- Location: Caroline County, Virginia
- Nearest city: Fredericksburg
- Coordinates: 38°12′27″N 77°16′44″W﻿ / ﻿38.2074°N 77.279°W
- Area: 934 acres (378 ha)
- Governing body: Virginia Department of Game and Inland Fisheries

= Pettigrew Wildlife Management Area =

Protected area of Virginia, United States

Pettigrew Wildlife Management Area is a 934 acre Wildlife Management Area (WMA) in Caroline County, Virginia. Most of the long and narrow area's land was once part of Fort Walker. It is largely dominated by forests, including hardwood stands dominated by oak and beech, as well as stands consisting mostly of Virginia and loblolly pine.
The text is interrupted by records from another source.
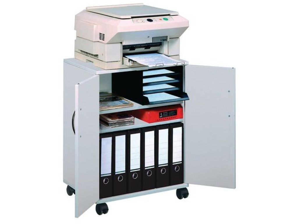 Mobil kontorshurts med dubbeldörrar som är praktisk och användbar på kontor, i konferensrum eller för mobila arbetsplatser för förvaring av skrivare och andra kontorstillbehör. - Två fasta hyllor och två justerbara hyllor liksom skåpet är tillverkade av 16mm slitstarka träskivor - Varje hylla har en maxbelastning på 30 kg - 4 st svängbara länkhjul, varav 2 st har broms - Lätt att förflytta och stabil när den är 'parkerad' - Levereras i platt paket med monteringsanvisningar - Mått: 748 x 528 x 400 mm (HxBxD).
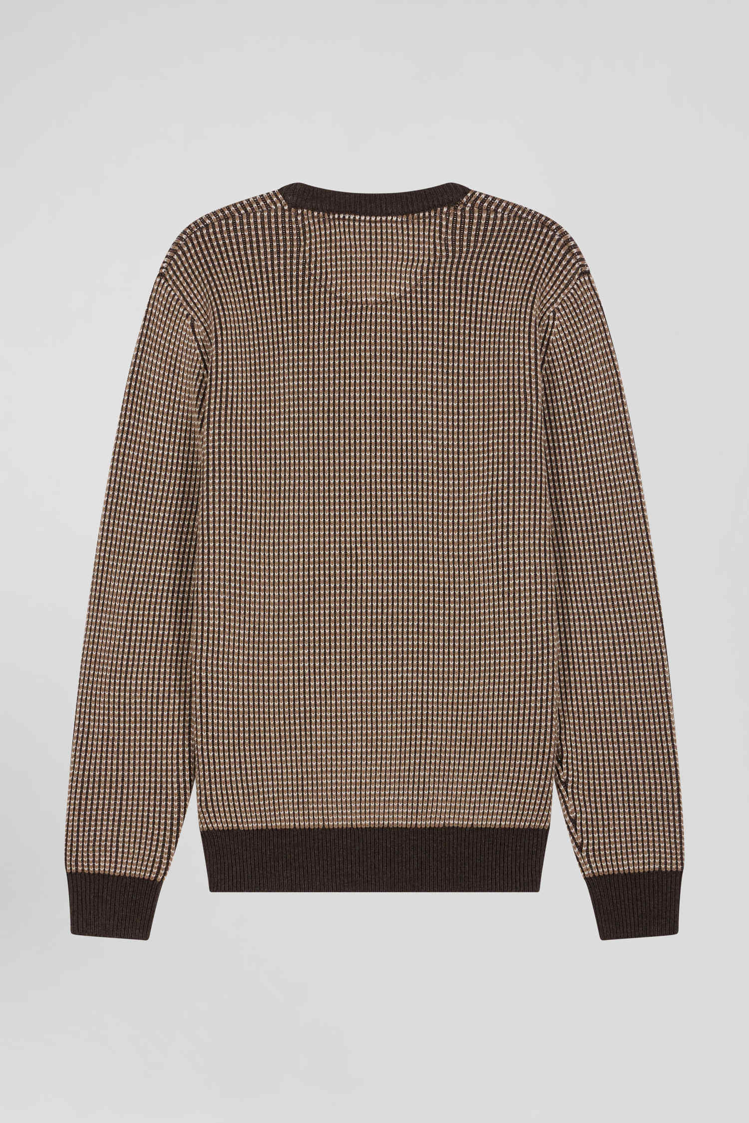Regular brown wool and cotton crew neck jumper
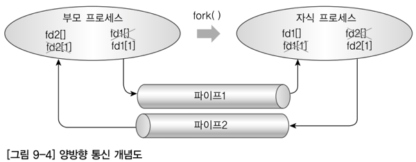파이프는 기본적으로 단방향이므로 양방향 통신을 위해서는 파이프를 2개 생성한다
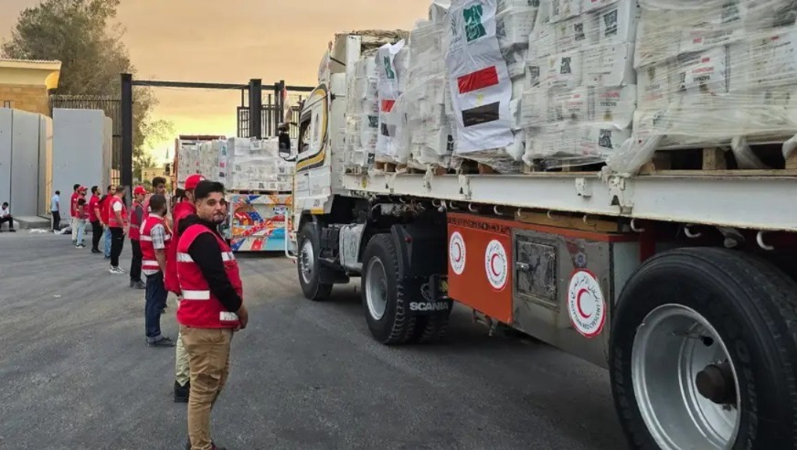 Cientos de camiones con ayuda humanitaria comenzaron a entrar este domingo en la Franja de Gaza desde Egipto de acuerdo al plan de alto al fuego entre Israel y Hamás, alcanzado el jueves pasado. Largas colas de camiones con ayuda se encuentran también en la zona fronteriza de Rafah, a la espera de entrar en la Franja a través de los cruces de Kerem Shalom y al Awja, controlados por Israel, informó el canal de televisión egipcio Al Qahera News.

Lower vegetation including greenbriar, honeysuckle, and Virginia creeper may be seen reclaiming the property's formerly open areas. On the southern edge of the area lies Mount Creek; its drainage, aided by beavers, is the primary wetland for the area. Ware Creek, at the north end, is another major water source, and the tributaries of both streams may also be seen on the property.

Pettigrew WMA is owned and maintained by the Virginia Department of Game and Inland Fisheries. The area is open to the public for hunting, trapping, fishing, hiking, horseback riding, and primitive camping. Access for persons 17 years of age or older requires a valid hunting or fishing permit, or a WMA access permit.